The Alexa top 1 Million list has been used for the automated discovery, future scans will be done using the Verisign domain list or other domain lists.

Each vulnerable site will be automatically emailed to its abuse and whois records, disclosing the vulnerability and referencing to the draft publication of this article. We've acknowledged them about the publication date of the article (7th of October). Because of the amount of vulnerabilities discovered, we couldn't responsible disclose each and every vulnerability individually.

You can find the git repo downloader using http here:
xxxx

Risks

  • complete source code download, allowing vulnerabilities to be found more easily
  • download of configuration files, containing oauth configuration, database configs, passwords etc.
  • complete commit history of the source code including logs
  • all the rest that has been submitted
  • company secrets

Mitigation

The fix is easy, just disable your configuration to not serve hidden (.git / .svn) files. For convenience we've included the following configuration for Apache and Nginx. There is also some bad news though, because you cannot be certain who had access to your sourcecode, you need to renew all secrets (oauth tokens, passwords) if those where in your repository.

For Apache:

RewriteEngine on

RewriteCond %{THE_REQUEST} ^.*/\.  
RewriteRule ^(.*)$ - [R=404]  

And for Nginx:

# Deny all attempts to access hidden files
# such as .htaccess, .htpasswd, .DS_Store (Mac).
location ~ /\. {  
deny all;  
}

And for Lighttpd (thanks to fflores):

# Deny access to hidden files 
$HTTP["url"] =~ "/\." { 
    url.access-deny = ("") 
} 

The same configuration error allows download of svn repositories (using /.svn/entries).

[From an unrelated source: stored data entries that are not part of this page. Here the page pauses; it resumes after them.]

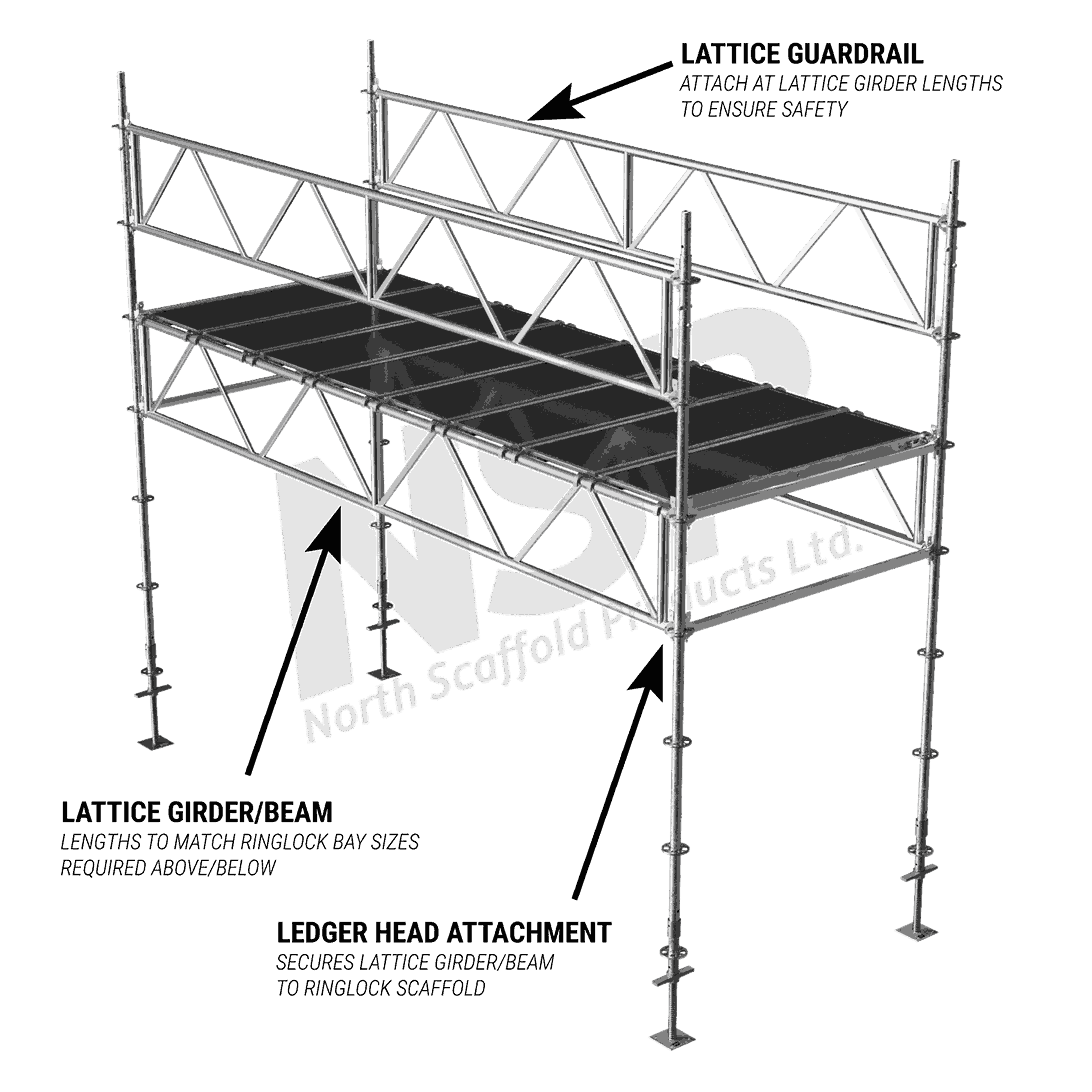 Lattice girders/beams are heavy duty horizontal braces that allow for larger spans or gaps over walkways, roads, ditches, etc. The Ledger heads (sometimes referred to as “Chicken Heads”) can be used to attach the Lattice Girder to the rosettes of the Standards . Clamps can be used as an alternative
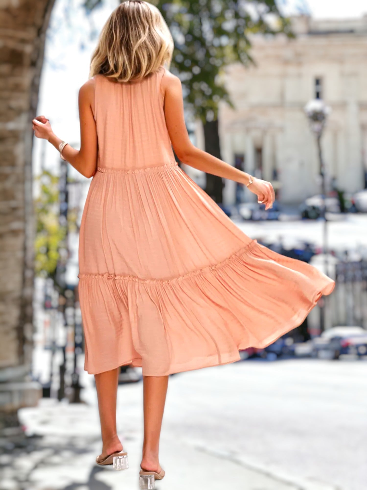 Deze prachtige effen jurk heeft een gelaagd ontwerp voor beweging en stijl. De jurk heeft een V-hals met strikdetail, een recht model en is mouwloos voor een frisse, moderne look. Door de lengte tot onder de knie is het ideaal voor verschillende gelegenheden, van casual uitjes tot speciale evenementen. Combineer met een hoofdband en sandalen voor een charmante look.
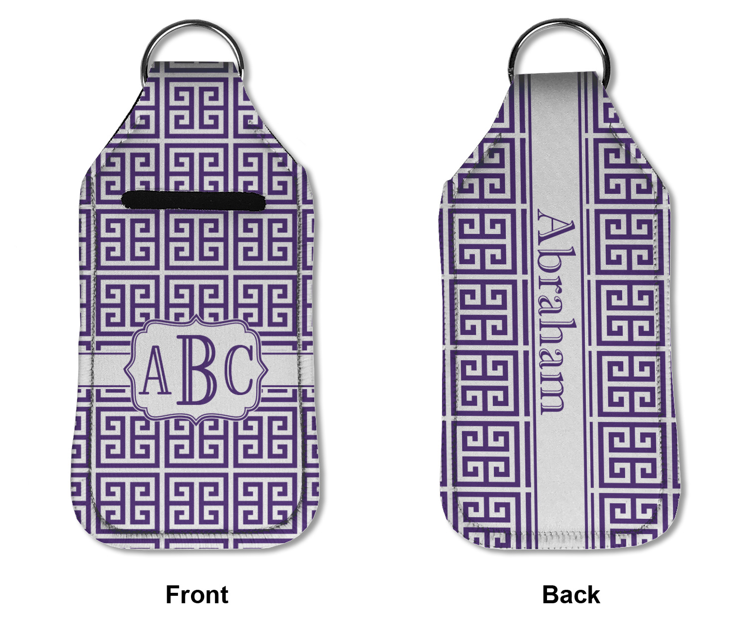 Each hand sanitizer holder comes with its own empty travel-sized, refillable hand sanitizer sure to fit snug in your customized sanitizer case! Our hand sanitizer cases are a durable, yet soft neoprene material sure to last any daily activities or travel agenda. Customize and personalize a hand sanitizer bottle holder with one of our two sizes - small (4.25" x 2.25") or large (5.5" x 2.5"). Each travel sanitizer holder comes with a keyring for attachment on bags, keys, or more!

The list of vulnerable websites:
...

Disclosure process

  • 26 september found vulnerable sites
  • 27 september t/m 21 october mass responsible disclosure
  • 31 october public disclosure

Mass disclosure

Every domain we've found with the information disclosure, we've sent the following email.

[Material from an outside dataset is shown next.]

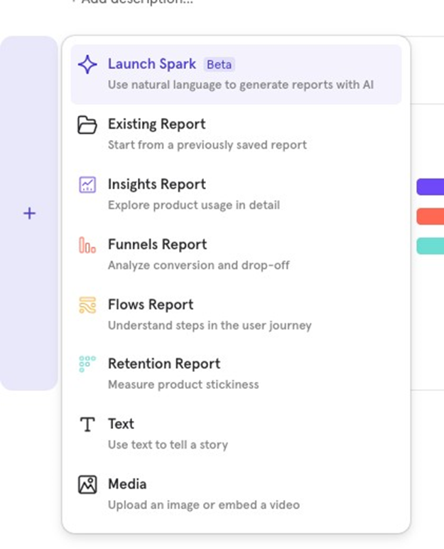 You can also add text and images to your dashboard. Hover on the left side, click the “+ˮ icon, and choose what to add.
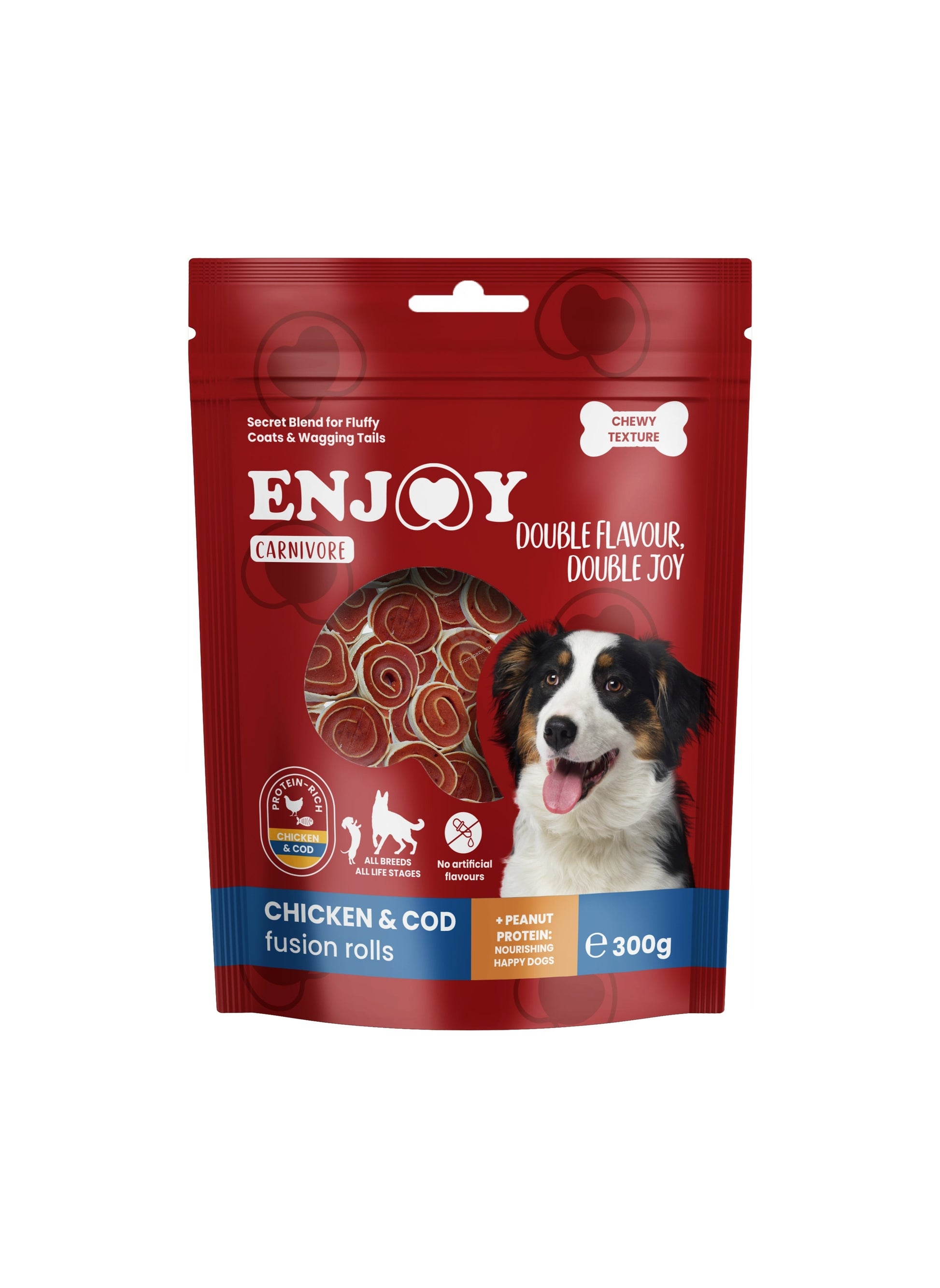 Enjoy Carnivore Chicken and Cod Fusion Rolls - лакомство за куче с пилешко месо и треска 300 гр

During our research project, which you can read about in draft at http://blog.dutchcoders.io/p/72673b02-dbfb-491a-9995-6b03bf58fd74/, we've encountered that *|DOMAIN|* is vulnerable to information disclosure, by allowing public download of the .git repository. This allows everyone to download the source code of your website and application. 

The url *|URL|* contains the complete commit history, as this is proof that it is possible to download the complete repository itself. See attached two files, the git HEAD and LOG file. 

Currently we are in progress to disclose our discoveries, and we're aiming to publish the article within two weeks. We are sending our findings to the info, security and abuse email addresses of the domain.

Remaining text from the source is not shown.